Jan's voice sounded constrained and a little hard. People sometimes speak crossly when they are frightened, and just then Jan felt the cold, skinny hands of some unnameable terror clutching her heart. Why did Fay always exclude herself from all plans?

They were, as usual, sitting in the verandah after dinner, and Fay's eyes were fixed on the deeply blue expanse of sky. She hardly seemed to hear Jan, for she continued: "Do you remember the sketch Daddie did of me against the yew hedge? I'd like Tony to have that some day if you'd let him."

"Of course that picture is yours," Jan said, hastily. "We never divided the pictures when he died. Some were sold and we shared the money, but our pictures are at Wren's End."

"I remember that money," Fay interrupted. "Hugo was so pleased about it, and gave me a diamond chain."

"Fay, where do you keep your jewellery?"

"There isn't any to keep now. He 'realised' it all long before we left Dariawarpur."

"What do you mean, Fay? Has Hugo pawned it? All Mother's things, too?"

"I don't know what he did with it," Fay said, wearily. "He told me it wasn't safe in Dariawarpur, as there were so many robbers about that hot weather, and he took all the things in their cases to send to the bank. And I never saw them again."

Jan said nothing, but she reflected rather ruefully that when Fay married she had let her have nearly all their mother's ornaments, partly because Fay loved jewels as jewels, and Jan cared little for them except as associations. "If I'd kept more," Jan thought, "they'd have come in for little Fay. Now there's nothing except what Daddie gave me."

"Are you sorry, Jan?" Fay asked, presently. "I suppose there again you think I ought to have stood out, to have made inquiries and insisted on getting a receipt from the bank. But I knew very well they were not going to the bank. I don't think they fetched much, but Hugo looked a little less harassed after he'd got them. I've nothing left now but my wedding ring and the little enamel chain like yours, that Daddie gave us the year he had that portrait of Meg in the Salon and took us over to see it. Where is Meg? Has she come back yet?"

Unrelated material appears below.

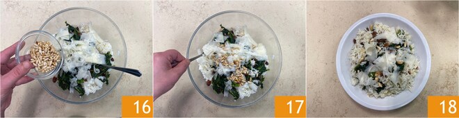 Kurz vor dem Servieren, die gerösteten Pinienkerne hinzufügen 16 und mischen 17. Hier ist Ihr winterlicher Reissalat mit Rübstiel und Ragusano 18 bereit!

"Meg is still in Bremen with an odious German family, but she leaves at the end of the Christmas holidays, as the girl is going to school, and Meg will be utilised to bring her over. Then she's to have a rest for a month or two, and I daresay she'd come to Wren's End and help us with the babies when we get back."

Fay leant forward and said eagerly, "Try to get her, Jan. I'd love to think she was there to help you."

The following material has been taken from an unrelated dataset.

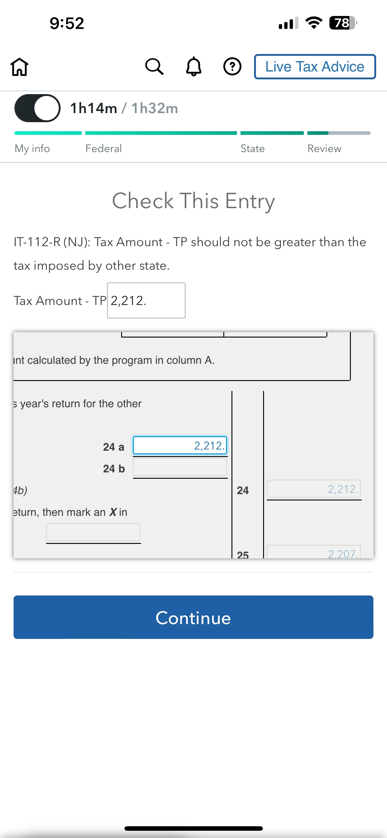 The amount you need to enter on line 24(a) of your IT-112-R is the total amount of tax liability calculated on your New Jersey tax return (located on line 49 on your Form NJ-1040NR.) Since you've already prepared your New Jersey non-resident return, review the entries on that return, including the summary at the end that shows what your total New Jersey tax liability was. For example, the end of the nonresident return will have a summary screen that shows something along the lines of New Jersey tax of $2202, with New Jersey withholding of $2212, and resulting in a refund of $9.

"To help us," Jan repeated firmly.

Fay sighed. "I can never think of myself as of much use any more; besides ... Oh, Jan, won't you face it? You who are so brave about facing things ... I don't believe I shall come through—this time."

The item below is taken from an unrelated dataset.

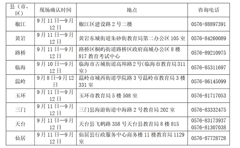 臺(tái)州市直高中起點(diǎn)升本科、專科起點(diǎn)升本科(特別提醒:臺(tái)州市直考點(diǎn)專科起點(diǎn)升本科只接收社保繳納在臺(tái)州市本級的考生,考生一般應(yīng)當(dāng)在戶口所在地或社保所在地報(bào)名并參加考試。)現(xiàn)場審核時(shí)間為:9月10日8:30-11:30,14:30-17:00;現(xiàn)場審核地點(diǎn):臺(tái)州市教育局一樓報(bào)名大廳(臺(tái)州市椒江區(qū)康平路188號);咨詢電話:88515763,88501927。各縣(市、區(qū))高中起點(diǎn)升專科和專科起點(diǎn)升本科考生現(xiàn)場信息審核確認(rèn)需到各縣(市、區(qū))考試中心辦理,詳情請咨詢當(dāng)?shù)乜荚囍行霓k公室(見附件)。

Jan got up and walked restlessly about the verandah. She tried to make herself say, heard her own voice saying without any conviction, that it was nonsense; that Fay was run down and depressed and no wonder; and that she would feel quite different in a month or two. And all the time, though her voice said these preposterously banal things, her brain repeated the doctor's words after his last visit: "I wish there was a little more stamina, Miss Ross. I don't like this complete inertia. It's not natural. Can't you rouse her at all?"

"My sister has had a very trying time, you know. She seems thoroughly worn out."

"I know, I know," the doctor had said. "A bad business and cruelly hard on her; but I wish we could get her strength up a bit somehow. I don't like it—this lack of interest in everything—I don't like it." And the doctor's thin, clever face looked lined and worried as he left.

His words rang in Jan's ears, drowning her own spoken words that seemed such a hollow sham.

She went and knelt by Fay's long chair. Fay touched her cheek very gently (little Fay had the same adorable tender gestures). "It would make it easier for both of us if you'd face it, my dear," she said. "I could talk much more sensibly then and make plans, and perhaps really be of some use. But I feel a wretched hypocrite to talk of sharing in things when I know perfectly well I shan't be there."

"Don't you want to be there?" Jan asked, hoarsely.